Matthijs van Boxsel - 1986
Matthijs van Boxsel - 1986
Matthijs van Boxsel, the Dutch writer known for his Encyclopedia of Stupidity, sits holding a wooden mask or mannequin head with closed eyes. He wears a dark suit, a striped shirt, a handkerchief in his breast pocket. On his wrist, a watch. To his right, a white column with a metal base holds a book: the cover reads ‘DE ENCYCLOPEDIE VAN DE DOMHEID’, ‘DEEL I’, ‘Inleiding’. Below the text, a small image of a similar mask.

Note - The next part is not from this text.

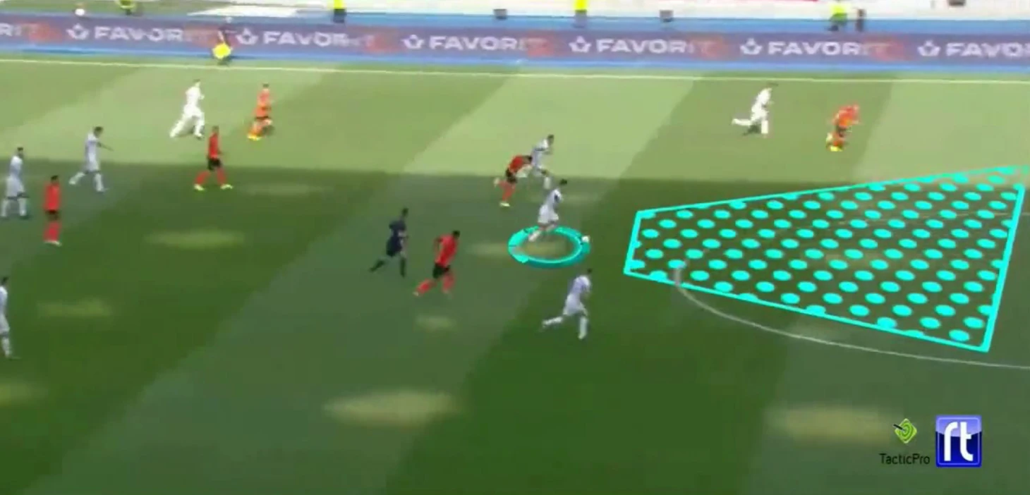 Посмотрите, какое скопление игроков. Пространства практически нет, но Матео успешно ведет мяч, разбивая оборону соперника.

The portrait is straightforward: the writer, his book, a mask. But the mask isn’t just a prop; it’s held like an object of study or a companion. Its eyes are closed; his gaze is fixed on it. The book stands apart, on a column, elevated. The background is plain, light, without details.
This is from the Bajazzo years, when theatricality and staged scenes were common. Here the staging is minimal but deliberate. The mask introduces an element of artifice, of the uncanny. Van Boxsel’s work deals with stupidity, ‘pataphysics’, the absurd. The mask could be a symbol of that—the dummy, the fool, the closed eyes. But the photograph doesn’t explain. It just presents the pairing: the writer, the mask, the book.
What works is the simplicity. The composition feels almost schematic: man, mask, book on column. The light background isolates them. There’s no attempt to create a narrative; the elements just coexist. The tension is between the serious suit and the playful mask, between the intellectual project (the encyclopedia) and the physical object (the wooden head).
For a writer who explores stupidity as a method, the portrait feels appropriately ambiguous. It doesn’t try to be clever. It just shows him with his tools.